So what do we all stand to lose in the digital video future as dictated by BPDG?

Well, here’s one thing on the chopping block: affordable 100-inch high-def video screens in your living room within a year or two. (OK, OK, I mean “affordable” as compared to today’s “big screens”.) This stuff is on the horizon, and will be arriving at stores near you quite soon.

That is, unless BPDG has its way and imposes a whole lot of pointless engineering hurdles in the path of the enterprising video innovators who want to bring it to you.

For a glimpse of the future (ignore the sticker shock for a moment; prices do nothing but fall in the electronics world), check out the video projector built by the American high-end electronics company, Madrigal.

Built on a new digital imaging technology known as D-ILA, this projector delivers image sizes and quality that used to require much more expensive CRT projectors (you know, the ones with the three big lenses that look like eyes). And the news gets even better. Using a technology known as DLP, other projector manufacturers like PLUS are delivering big screen projector joy for $3k or less. (Deep breath. Remember Moore’s Law. It’ll be cheaper soon.)

In order to obtain best results, however, you need a “scaler” that processes the video image into the D-ILA projector's native panel resolution of 1360x1024. You could use the $4.5k Faroudja Native Rate scaler.

But wait, since we’re talking about image processing, why not get some enterprising software guys to do it on a generic PC. Yeah. And these software guys, they’ll just give it away for free. Yeah, that’s the ticket. Sure enough, there’s dScaler, a free, open source PC-based image scaler that’s pretty good, according to the reviews.

So, what does all this expensive toy envy have to do with BPDG? Well, first off, dScaler would be BANNED under the current BPDG draft standard. Why? Because open source software is, by definition, insufficiently “tamper resistant” for BPDG’s tastes. After all, some enterprising hacker might learn the source code and figure out how to divert the digital video into some unprotected memory buffer. From there, the Hollywood fever-dreams of universal global Internet piracy take over.

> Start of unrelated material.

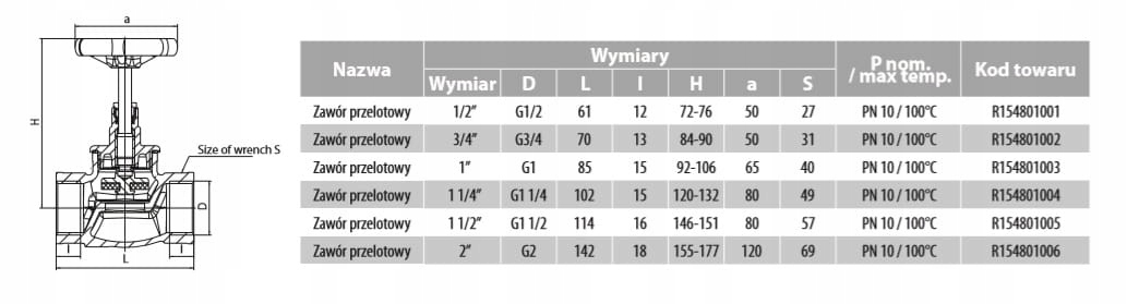 RED VIKING zawór grzybkowy przelotowy ocynk 3/4"

And all those next-gen products by innovative companies like Madrigal, Faroudja and PLUS? Well, their future products would held up by the need to implement whatever restrictive output technologies BPDG would like to mandate on the marketplace. You can bet this will slow down the pace of innovation and increase costs, as projector manufacturers, image processor folks, and video source vendors wrestle with all the unnecessary “standards” foisted on them by Hollywood via BPDG.

So, how many extra years do you want to wait for that 100" video screen showing HD video in your living room? How many hundreds of extra dollars do you want to pay to watch your own DVDs and super-TiVo, just to assuage Hollywood's fears? How many great FREE open source software products do you want to replace with $4000 sealed boxes from Faroudja?

Don’t believe me? Find a high-end video hobbyist. Explain BPDG to him or her. See if outrage doesn’t pour forth.